REQUIRED WORK>
Lift out, unaltered, the lines of the material below between the line holding "- Большой выбор" and the line holding "La nieve comenzó", counting both.

TASK INPUTS>
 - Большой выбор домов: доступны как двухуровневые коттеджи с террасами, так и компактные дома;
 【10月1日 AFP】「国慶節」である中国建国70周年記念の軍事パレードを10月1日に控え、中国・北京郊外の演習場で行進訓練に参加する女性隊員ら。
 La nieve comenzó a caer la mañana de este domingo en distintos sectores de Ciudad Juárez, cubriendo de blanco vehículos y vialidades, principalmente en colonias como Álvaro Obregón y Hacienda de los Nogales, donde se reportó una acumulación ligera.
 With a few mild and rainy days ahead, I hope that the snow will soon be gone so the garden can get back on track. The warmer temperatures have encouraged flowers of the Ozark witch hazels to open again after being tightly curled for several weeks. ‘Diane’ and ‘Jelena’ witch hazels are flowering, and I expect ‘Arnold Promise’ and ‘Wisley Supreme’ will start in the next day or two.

==

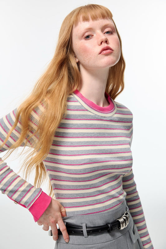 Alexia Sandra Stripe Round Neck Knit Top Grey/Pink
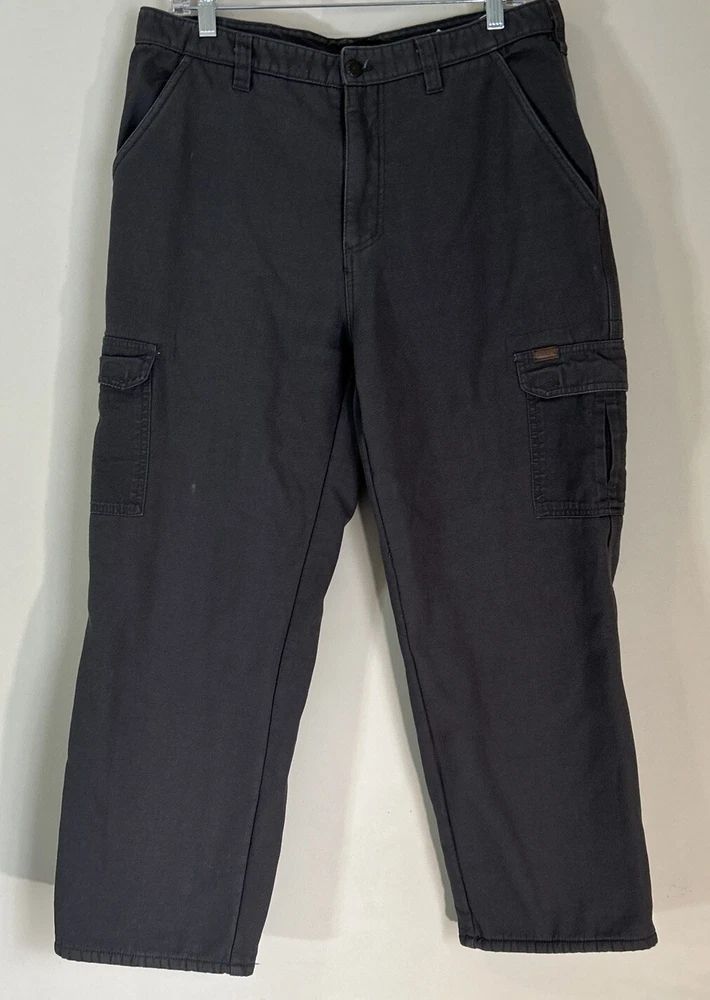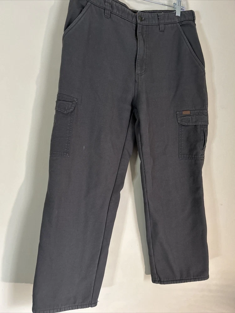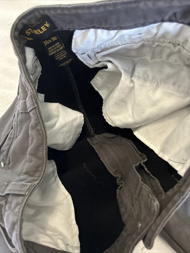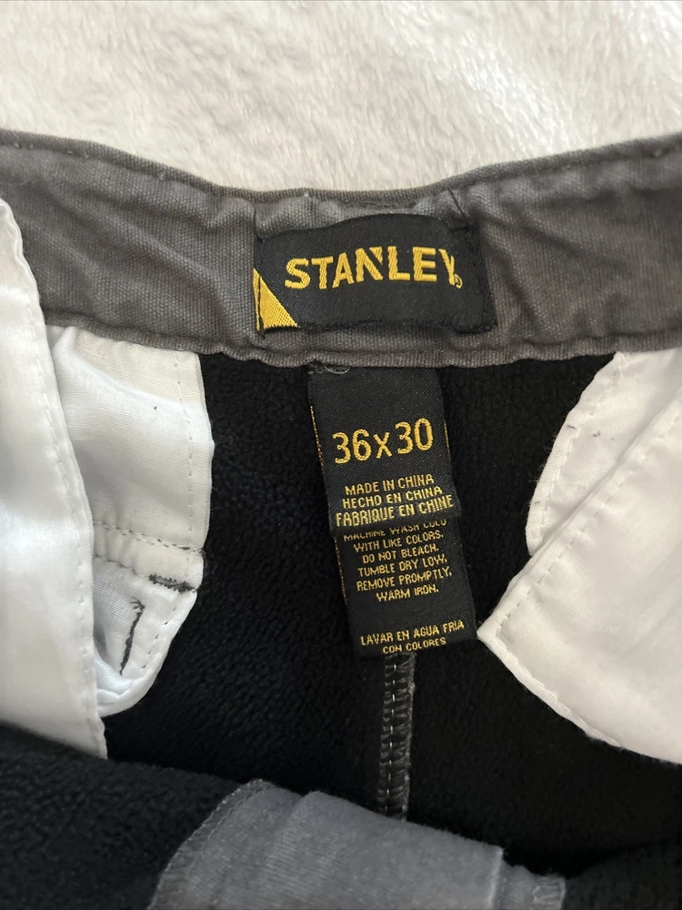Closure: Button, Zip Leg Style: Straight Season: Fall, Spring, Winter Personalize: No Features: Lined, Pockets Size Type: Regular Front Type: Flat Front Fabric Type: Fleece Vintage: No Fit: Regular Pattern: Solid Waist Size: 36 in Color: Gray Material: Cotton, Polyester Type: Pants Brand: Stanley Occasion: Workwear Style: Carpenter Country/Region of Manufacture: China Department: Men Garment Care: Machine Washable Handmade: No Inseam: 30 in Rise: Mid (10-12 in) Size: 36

ANSWER TO THE EXERCISE>
 - Большой выбор домов: доступны как двухуровневые коттеджи с террасами, так и компактные дома;
 【10月1日 AFP】「国慶節」である中国建国70周年記念の軍事パレードを10月1日に控え、中国・北京郊外の演習場で行進訓練に参加する女性隊員ら。
 La nieve comenzó a caer la mañana de este domingo en distintos sectores de Ciudad Juárez, cubriendo de blanco vehículos y vialidades, principalmente en colonias como Álvaro Obregón y Hacienda de los Nogales, donde se reportó una acumulación ligera.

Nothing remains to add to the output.